美鈴の案内で降魔館の門の前に私達は到着した。手下は全部生け贄にしてしまったのかここまで私達の侵入を阻む者はいなかった。
まるで中に入る者を威圧するかの如く重厚な門を美鈴が開け屋敷に入っていく。
罠など侵入者を阻む仕掛けがないのは単にマロウ自信がいれば侵入者の対処が出来ると言う自信の表れなのかしら?何にせよ入りやすいに越したことはないわ。
エントランスホールに入ると同時に私達はとてつもない量の魔力が漂っているのを感じた。恐らくマロウから出た魔力ね。凄まじい量だわ。以前、アイツから魔力が感じられなかったのが嘘みたい。
私達はその魔力が流れて来る方向に向かって歩いて行った。
見渡す限り本で溢れていた。棚に収まっていない本は乱雑に積み上げられている。そこは本で溢れ返った部屋だった…いや、部屋にしては広いからこの場合は書庫かしら?窓は一切無く、いくつもの蝋燭で書庫の明かりを賄っている。風通しが悪く、本独特の臭いに満ちている。
そんな中で奴は笑いながら魔法の練習をしていた。奴は私達に気付きこちらを向いた。
「くふっ!また君たちか…何度でも相手にしてやるよ」
マロウは初歩の魔法の炎の玉を繰り出してきた。初歩なのにとてつもなく大きく熱い。マロウの魔力が多すぎるせいね…!
私達はマロウに何も話しかけず攻撃した。アイツに掛ける言葉なんて何もない。ただ倒すだけだ。
私達の攻撃は奴には通用しない。だから私達の切り札は美鈴だ。彼女の体術なら奴を倒すことが出来るはずだ。私達が手を下すことが出来ないのは悔しいし、出会ったばかりの、それも敵だった彼女に頼るのは複雑だが今はこの手しかない。彼女がいなかったら……そのときは本で撲殺かしら?

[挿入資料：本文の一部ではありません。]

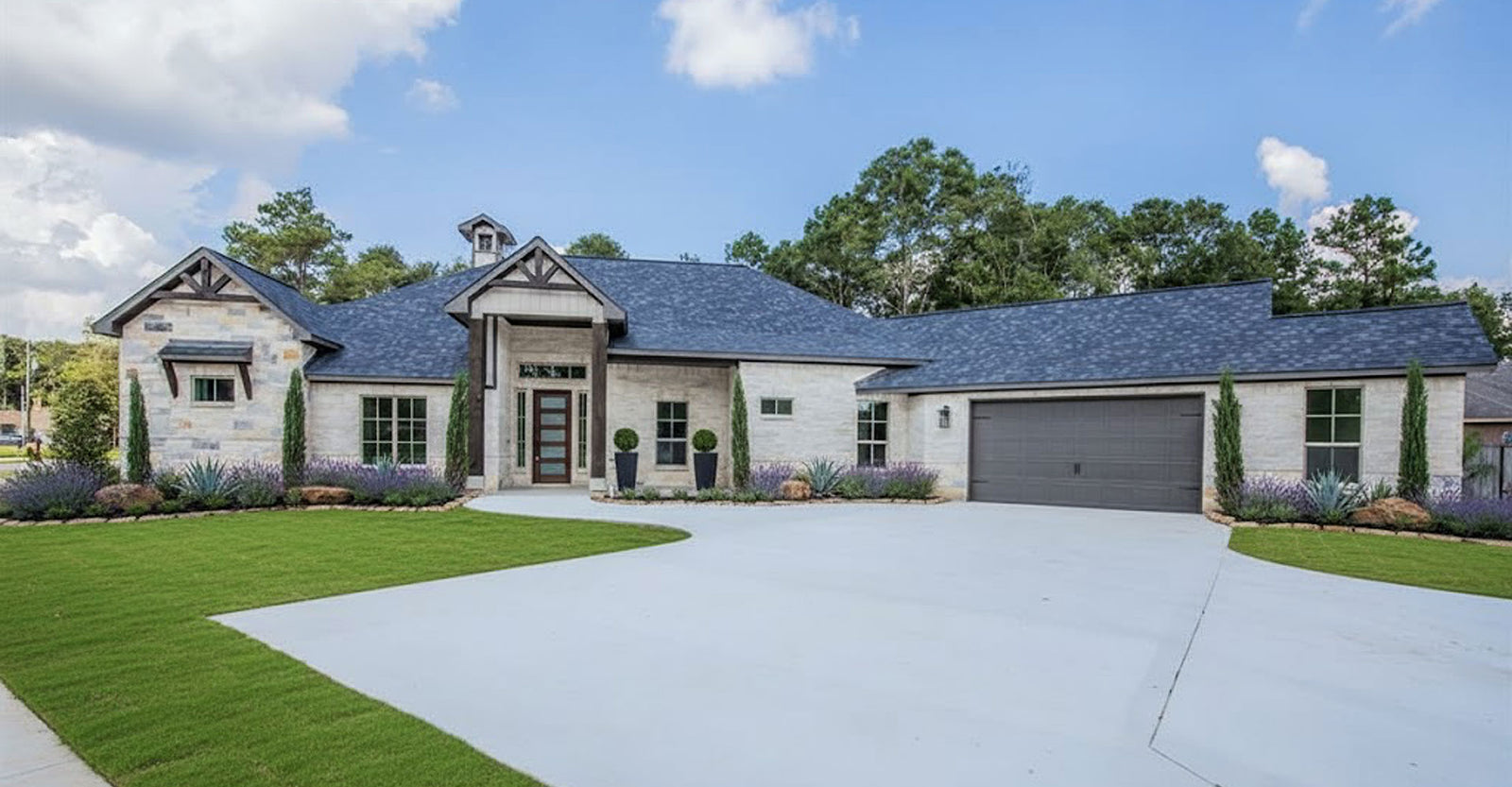 A STUNNING EXAMPLE OF MODERN TEXAS ARCHITECTURE READY TO BE BUILT ON YOUR LOT. THIS MID-PRICED, SINGLE-STORY HOME OFFERS EXCEPTIONAL CURB APPEAL WITH ITS CRISP WHITE STUCCO, ACCENTED STONE BASE, AND A CLASSIC TEXAS STAR MOTIF ABOVE THE ENTRY.

向こうもその事は分かっているのか集中して美鈴を狙ってくる。そのせいで美鈴はなかなか奴に近付くことが出来ない。飛んでくる魔法はベラさん…だったかしら?お父さんの仕事仲間が美鈴を守る。だけど、威力が高いのか防ぐのが辛そうね。私とお父さんに修造さん、シェルさんは少しでもアイツの注意をこちらに引き付けるために兎に角攻撃を当て続ける。
攻撃を当て続けることによってマロウが怯み、攻撃の手が止んだ。いくら魔法が効かないといっても次々と自分に襲いかかってくれば怯みもする。その隙を突いた美鈴がマロウに急接近し、胸に向かって掌底を叩き込んだ。ものすごい勢いでマロウがくの字になって飛んでいき、壁に激突した。見ていてせいせいするわね。
だけど現実は甘くない。魔法が使えるアイツが生身で美鈴の掌底突きを喰らう訳がなく、結界を貼ってガードしていた。
衝撃までは無くせなかったらしく、若干フラフラしていたがそれも直ぐに無くなって立ち上がり攻撃してきた。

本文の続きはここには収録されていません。